- **WHAT IS REQUIRED**: Repeat the data exactly. Pictures are not part of the copy.

┌─ DATA SHOWN

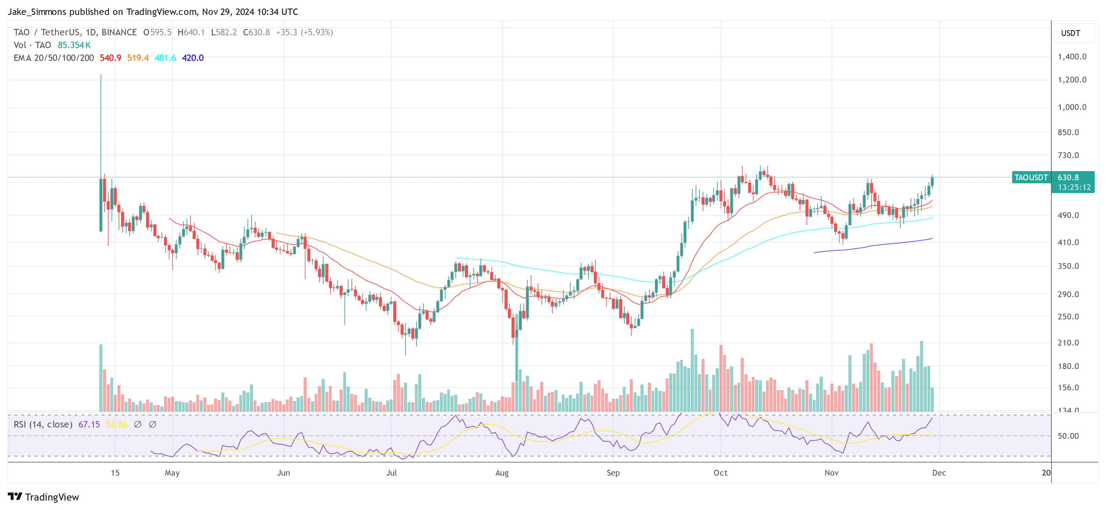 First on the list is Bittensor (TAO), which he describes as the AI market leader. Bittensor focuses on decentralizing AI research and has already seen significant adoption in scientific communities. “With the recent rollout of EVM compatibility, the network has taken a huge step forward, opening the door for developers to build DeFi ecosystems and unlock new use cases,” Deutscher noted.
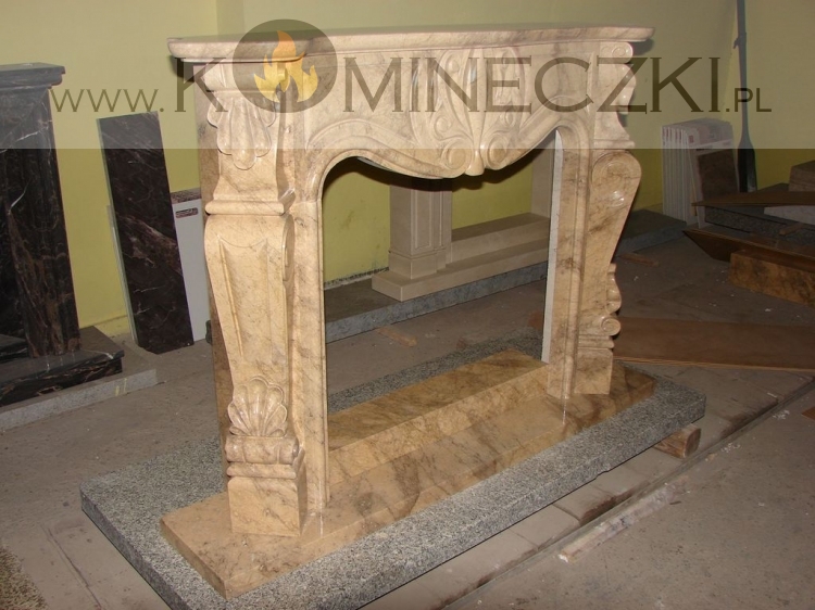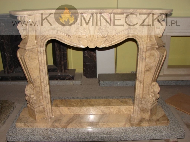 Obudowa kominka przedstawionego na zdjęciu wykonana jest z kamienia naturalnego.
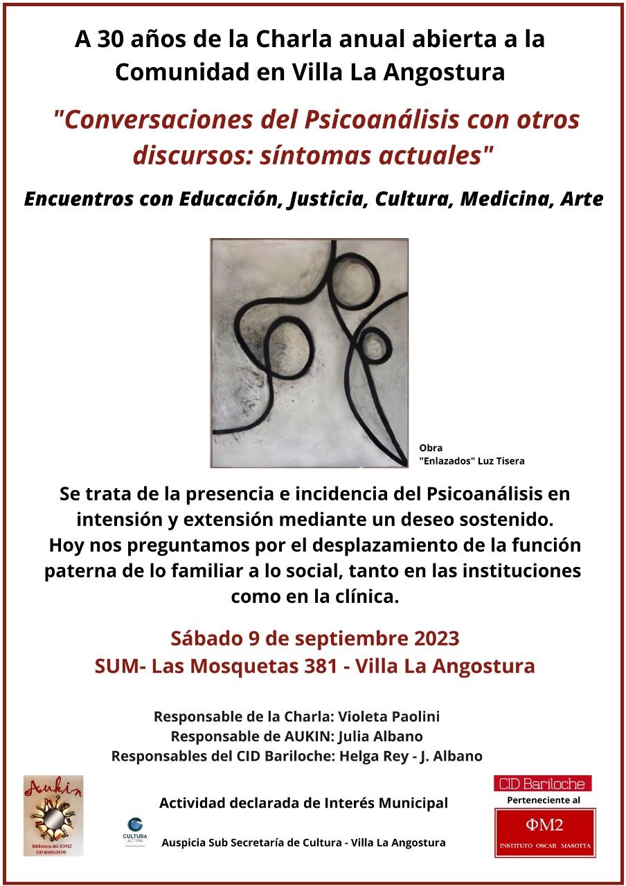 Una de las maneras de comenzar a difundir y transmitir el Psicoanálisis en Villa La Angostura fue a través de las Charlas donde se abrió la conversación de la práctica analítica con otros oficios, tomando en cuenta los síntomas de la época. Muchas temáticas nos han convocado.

└─

- **FINAL ANSWER**:
 First on the list is Bittensor (TAO), which he describes as the AI market leader. Bittensor focuses on decentralizing AI research and has already seen significant adoption in scientific communities. “With the recent rollout of EVM compatibility, the network has taken a huge step forward, opening the door for developers to build DeFi ecosystems and unlock new use cases,” Deutscher noted.
 Obudowa kominka przedstawionego na zdjęciu wykonana jest z kamienia naturalnego.
 Una de las maneras de comenzar a difundir y transmitir el Psicoanálisis en Villa La Angostura fue a través de las Charlas donde se abrió la conversación de la práctica analítica con otros oficios, tomando en cuenta los síntomas de la época. Muchas temáticas nos han convocado.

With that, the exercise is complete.